Whether this was from a genuine interest in and commitment to these issues, or because these companies cynically concluded that “wokeism” is good for the bottom line, it was a significant shift, and a good sign that ideas that had once been limited to the fringes of public debate were now mainstream. But money from these same corporations continues to work against criminal justice reform at a crucial level: state judicial elections.
In 38 states, state supreme court and appellate court justices are elected or retained through election after their initial appointment. In recent decades, as these judges have gained a larger role in setting public policy, these elections have become increasingly partisan and politicized. But because judicial races still get relatively little attention, they remain an area where interest groups can still get a lot of bang per donated buck. Spending on state supreme court races spiked from $12.8 million in 2007-2008 to about $70 million in 2015-2016.
And a common way to attack judges is to accuse them of being “soft on crime.” In states with some of the most contentious supreme court elections in recent years — Ohio, Michigan, Wisconsin, Louisiana — campaign ads have singled out a judge’s rulings to scare voters about “setting child killers” or rapists free. Typically, the ads misstate the law or the context of the ruling, and are later condemned or called to be retracted by independent campaign monitors and watchdog groups.
In terms of actually getting the groups’ favored candidates elected, the ads have a mixed record. In Mississippi, at least two state supreme court justices lost after being targeted. But justices in Michigan and Wisconsin have recently won reelection despite campaigns attacking their records in criminal cases.
Yet no matter the winning candidate, these ads have an unmistakable impact. A 2015 review of the academic literature by the Brennan Center for Justice found that judges and justices who emerge from races featuring ad campaigns are more likely to issue longer sentences and opt for death sentences, and less likely to rule for defendants on constitutional issues such as racial bias in jury selection, prosecutor misconduct, or ineffective assistance of counsel.

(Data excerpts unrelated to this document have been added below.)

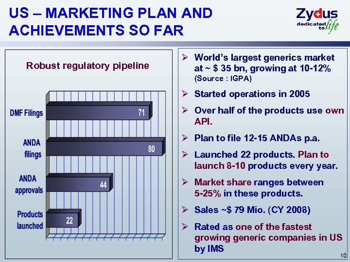 INTERNATIONAL FORMULATIONS - TWO FOLD FOCUS Developed generics markets Emerging markets • US - the largest generic market • Brazil – Nikkho (Branded), Zydus Brazil (Generics) • Zydus Pharmaceuticals USA Inc. • Europe - Zydus France SAS • Laboratories Combix, Spain • Japan • Nippon Universal Pharmaceuticals Ltd. • Asia Pacific- Sri Lanka, Myanmar, Taiwan, Philippines • Africa, Middle East – South Africa (Simayla), Sudan, Uganda, Algeria • CIS - Russia , Ukraine International sales projections Formulations-emerging markets Formulations- developed markets APIs/intermediates- exports 2007 -08 US$ 217 Mio 2010 -11 E US$ 450 Mio 9
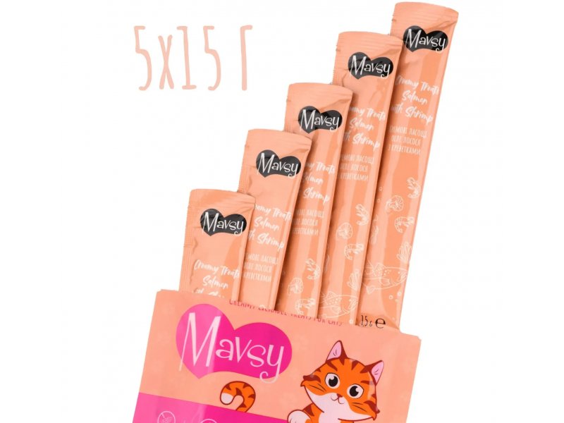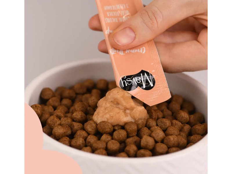 Лакомство Mavsy Creamy Treats имеет бархатную и гладкую текстуру, которую обожают коты. Они специально разработаны так, чтобы их можно было лизать, чтобы ваш котик наслаждался каждым кусочком сливочного вкусности.
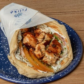 Sandwich griego de pan pita artesanal con 120g de pollo, tomate, cebolla, perejil y salsa de yogur.
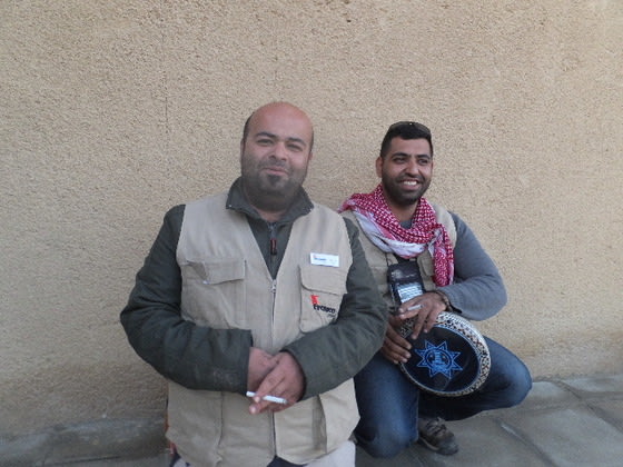 ヨルダンのアカバより、ペトラ遺跡に行く船のツアーで、アラブの二人のガイドが
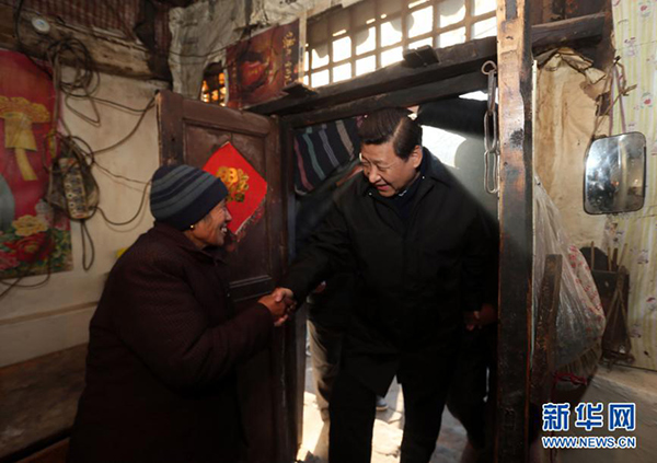 2012年12月29日至30日,习近平在河北省阜平县看望慰问困难群众。这是习近平在龙泉关镇骆驼湾村到困难群众唐荣斌家看望。新华社记者兰红光摄
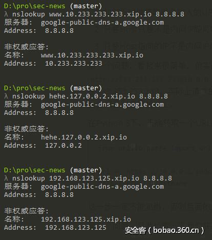 这个域名极大的方便了我们进行SSRF漏洞的测试,当我们请求http://127.0.0.1.xip.io/info.php的时候,表面上请求的Host是127.0.0.1.xip.io,此时执行is_inner_ipaddress('127.0.0.1.xip.io')是不会返回True的。但实际上请求的却是127.0.0.1,这是一个标准的内网IP。
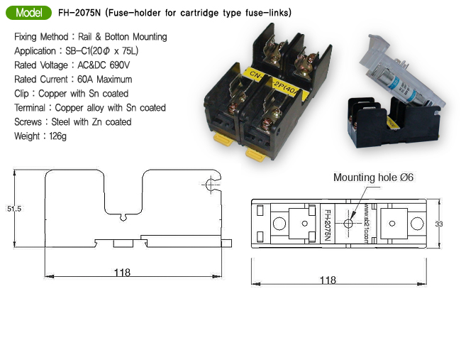 Model : FH-2075N (Fuse-holder for cartridge type fuse-links)

Most funding for these attacks has come from the right (though at least one Republican judge as has been attacked by Democratic interests as “soft on crime”), and much of that comes from business interests. Among the most active groups levying “soft on crime” accusations at justices in Michigan and Wisconsin, for example, have been both states’ chambers of commerce. Nationally, two advocacy groups — the Judicial Crisis Network and the Republican State Leadership Committee — have been particularly active waging these attacks, often by forming front groups in the states they’re targeting.
The JCN is a dark-money group and doesn’t reveal its donors. But the RSLC is required to disclose its donors under federal law. They include some of corporate America’s biggest names, including outspoken supporters of criminal justice reform. Google, Facebook and Amazon, for example, have all donated tens of thousands of dollars to the RSLC, with Google and Amazon donating after the George Floyd protests. (Disclosure: Amazon founder Jeff Bezos owns The Post.) Other major RSLC donors in recent years are the U.S. Chamber of Commerce, Blue Cross/Blue Shield, Berkshire Hathaway, Koch Industries and several pharmaceutical companies, all of which have also made statements or gestures supporting criminal justice reform, the protests or social justice.
Why would corporations fund attacks on judges for being soft on crime? The most likely explanation is that they believe “tough on crime” judges are more likely to be conservative, and therefore business-friendly, so they fund groups that work to elect conservative judges, irrespective of or oblivious to how they go about doing so.
But “tough on crime” judges aren’t always soft on business. Particularly in the South, politicians who rise to power through the plaintiffs’ bar or consumer advocacy often woo conservative voters by taking pro-carceral positions. And candidates who once defended corporations from state action can sometimes empathize with the people the government targets in criminal actions.
In fact, the Brennan Center’s Douglas Keith says the explanation may be even simpler. “I think they just identify a judge they want to get rid of, or a candidate they want on the court, and then they find ways to go after them, no matter how cynical or dishonest,” he says.
All of this comes in an era in which Congress and the federal courts are increasingly deferring to state courts when it comes to protecting constitutional rights, from post-conviction appeals, to police abuse, to junk forensics and wrongful convictions. The Bill of Rights is supposed to be inalienable. Yet we’re devolving its enforcement to state courts, where these groups use the democratic process to back judges who disregard those same rights.
The RSLC is a large organization, and judicial elections are only a portion of the races in which it gets involved. Because money is fungible, we can’t exactly say that one company’s $50,000 donation to the RSLC went for a “soft on crime” attack ad instead of, say, an ad about corporate income tax rates, or to support a more pro-business candidate for state attorney general.
But money talks. If a big corporate donor were to tell the RSLC or JNC that it plans to withhold further contributions until the groups cease the misleading attacks on judges over rulings in criminal cases, the groups would have no choice but to listen.